Security Threats and the Internet of Things
Originally published on ITWeb.
Internet of things (IoT) is changing the world around us, but it's also making your network vulnerable to attack.
There's a new kind of attack happening, and it's targeting IoT weaknesses in the network. IOT is particularly at risk as the wide array of connected devices - both inside and outside the business - are very difficult to monitor and control.
Rene Bosman, Manager at Infoblox Africa, says: "People tend to add their own devices to the company network without informing IT, and some of these devices could be vulnerable to attack, opening a gateway for hackers. Just last week an estimated million organizations worldwide were infiltrated by a new Internet of things botnet. It's clear, a new threat requires a new approach to network security. "Traditionally IOT devices are 'dumb' devices making them vulnerable to hackers to infiltrate and use for botnet attacks".

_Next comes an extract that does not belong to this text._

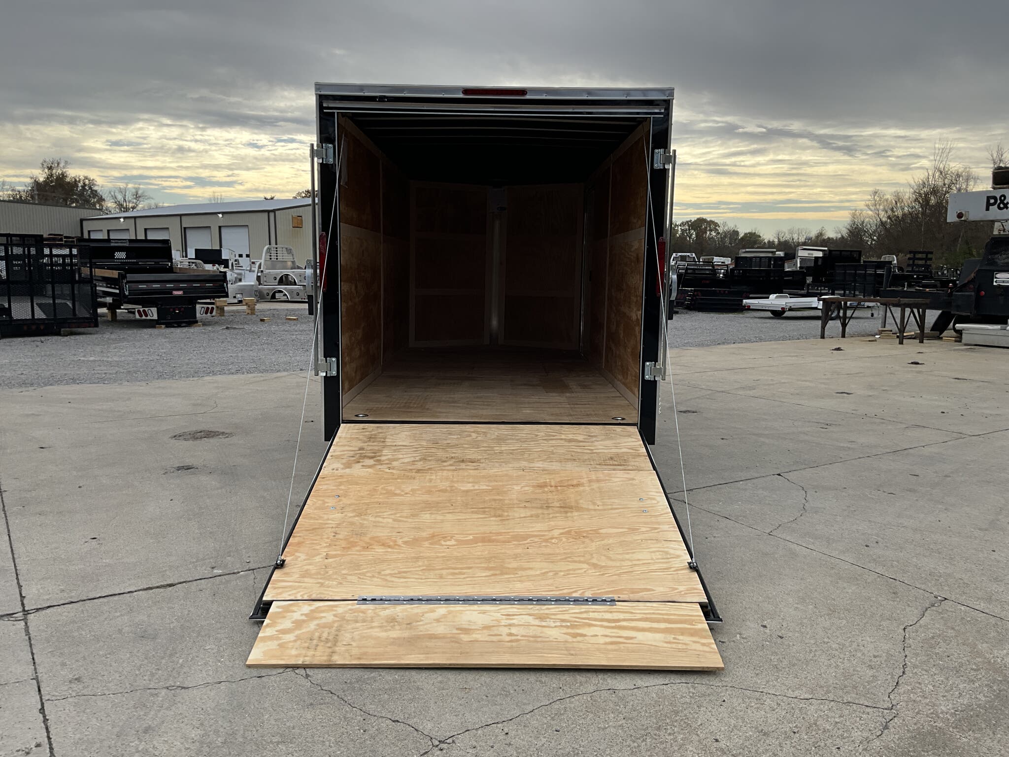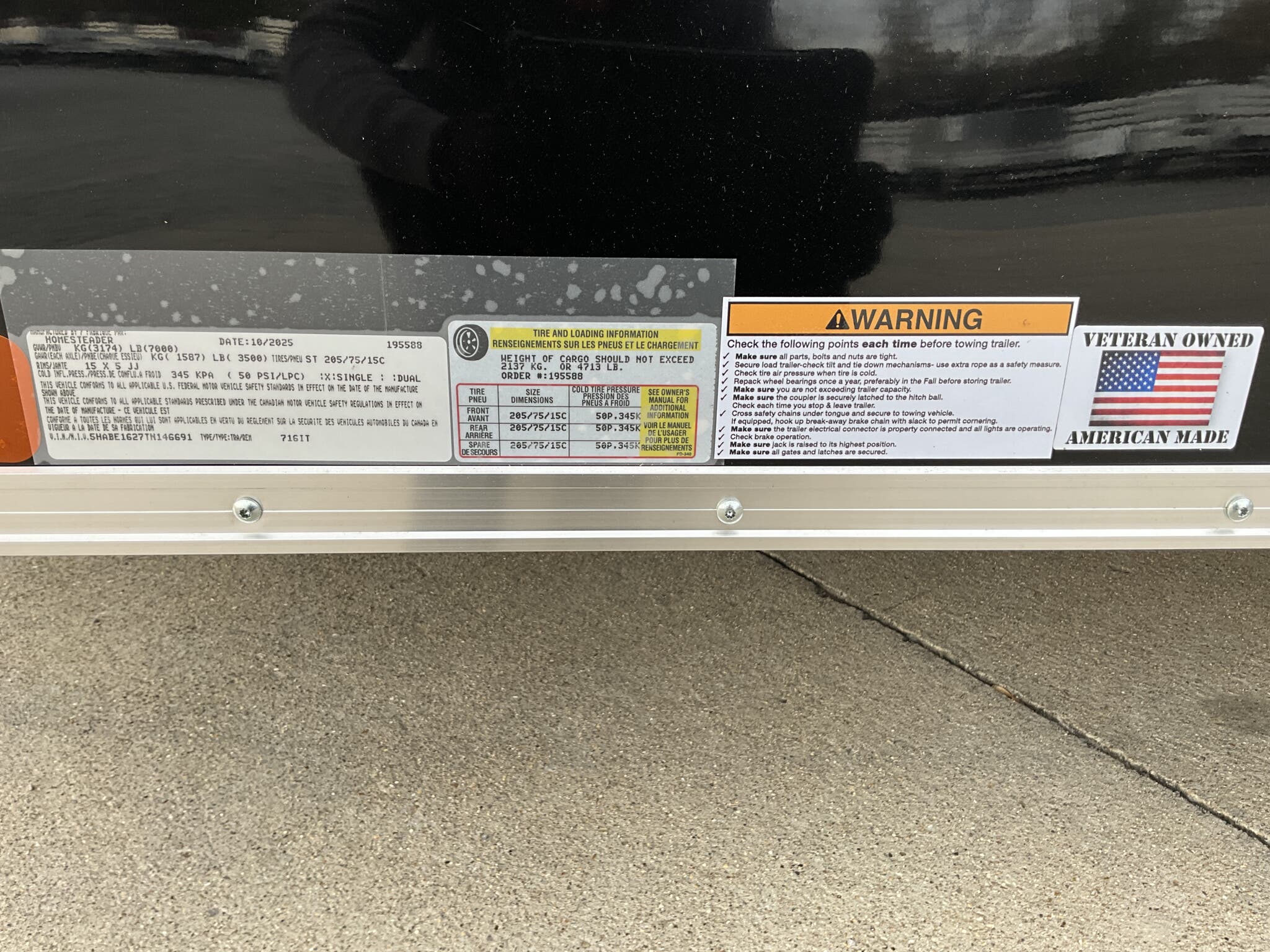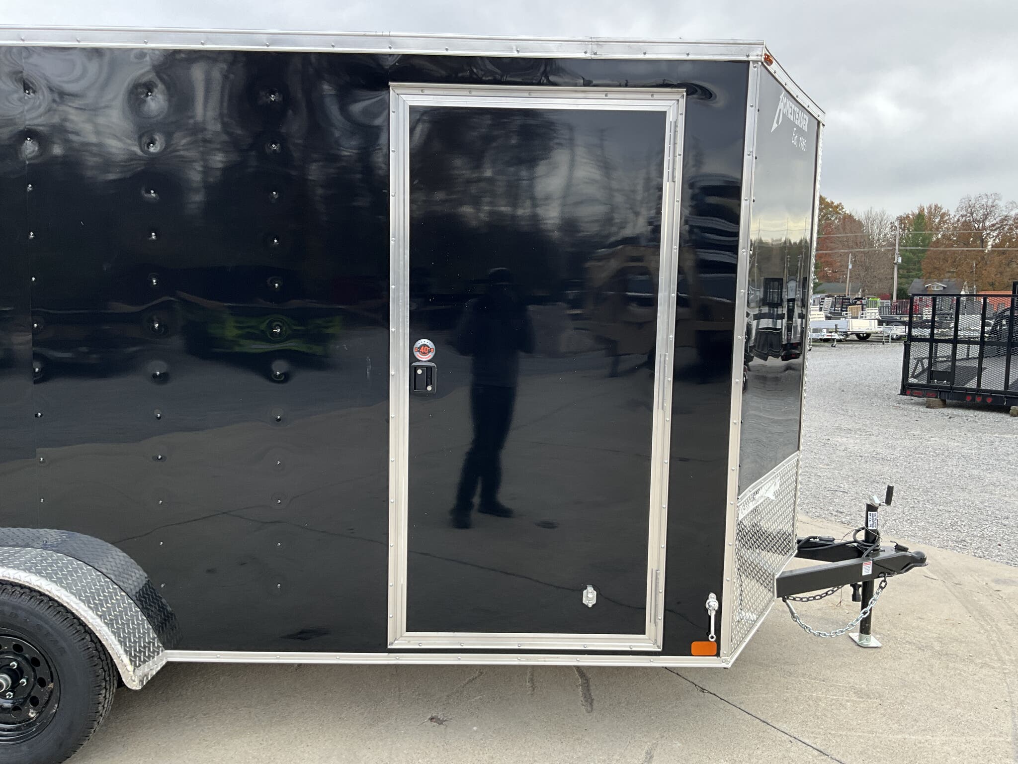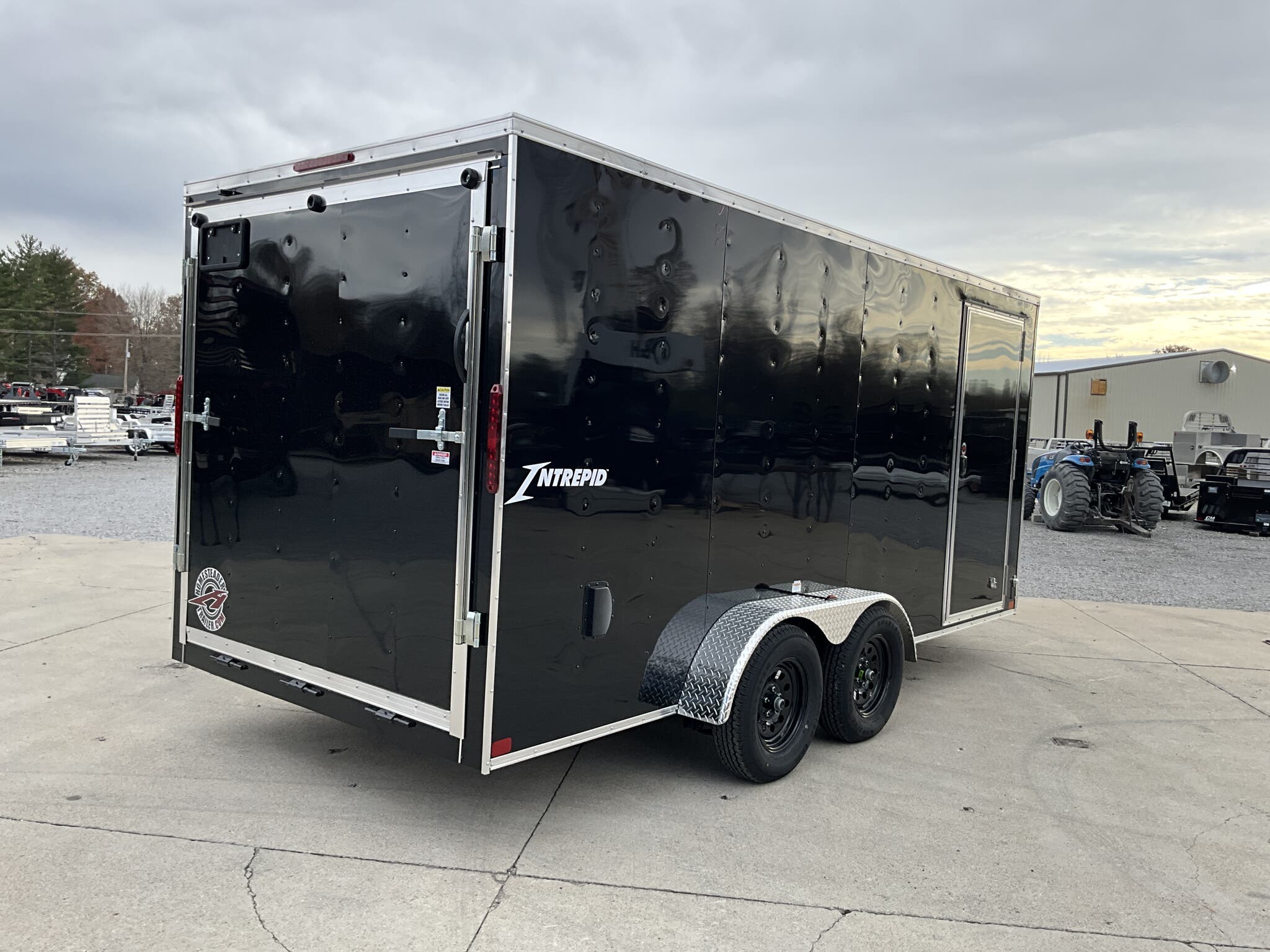 2026 HOMESTEADER INTREPID 7' x 16' x 6.5' Tall Enclosed Cargo Trailer 7,000 lb GVWR, Black Aluminum Exterior, 24" V Nose w/ Front Stoneguard, 36" Bonded Side Door w/ Flushlock, Rear Ramp Door w/ Extended Wood Flap For Sale in Illinois Standout Options: 36" bonded side door with flushlock (no bar lock) Standout Options: Rear ramp door with extended wood flap Standout Options: (4) floor mounted D rings Specs Interior Height: 78" (6.5') Specs Axles/Brakes: (2) 3.5K electric brake axles Specs Suspension: Spring suspension Specs Tires/Wheels: 15" radial tires; steel wheels Specs Exterior: Black aluminum Specs Doors: 36" bonded side door w/ flushlock; rear ramp door with extended wood flap Specs Floor/Walls: 3/4" plywood floor; 3/8" plywood walls Specs Framing: 16" O.C. floor crossmembers; 16" O.C. wall posts Specs Vents/Lighting: Flow thru sidewall vents; interior dome light; LED exterior lights Specs Coupler/Jack: 2 5/16" coupler; A frame tongue jack Specs Roof/Structure: One piece aluminum roof; tubular roof supports; undercoated frame; NATM compliant Specs Warranty: 3 year limited manufacturer warranty Weights & Capacities GVWR: 7,000 lb Weights & Capacities Empty/Trailer Weight: 2,390 lb Weights & Capacities Payload on Axles: 7,000 2,390 = 4,610 lb Weights & Capacities Target Tongue Load (10% of GVWR): 700 lb Weights & Capacities Total Payload Including Tongue Support: 4,610 + 700 = 5,310 lb Delivery from 62864 (Lower 48): Up to 100 miles: $150 Delivery from 62864 (Lower 48): 101 300 miles: $2.00/mile Delivery from 62864 (Lower 48): 301 1200 miles: $3.00/mile Delivery from 62864 (Lower 48): Over 1200 miles: $4.00/mile Search Tags: Homesteader Intrepid 7x16 specs; black enclosed cargo trailer; 6.5 ft interior height; tandem axle 7K GVWR; 36" bonded side door flushlock; ramp door with flap; 24" V nose; Illinois cargo trailer for sale

"Pretty much every enterprise organization is vulnerable to this type of attack, especially those with complex and diverse networks and that have a combination of physical, virtual and cloud deployments."
Recovery is often a complex and labor-intensive process, so businesses that may be at risk should implement pre-emptive measures to protect themselves - and their networks. However, Bosman says before businesses can take steps to protect their infrastructure, they need to understand what they have in that infrastructure and the associated challenges faced.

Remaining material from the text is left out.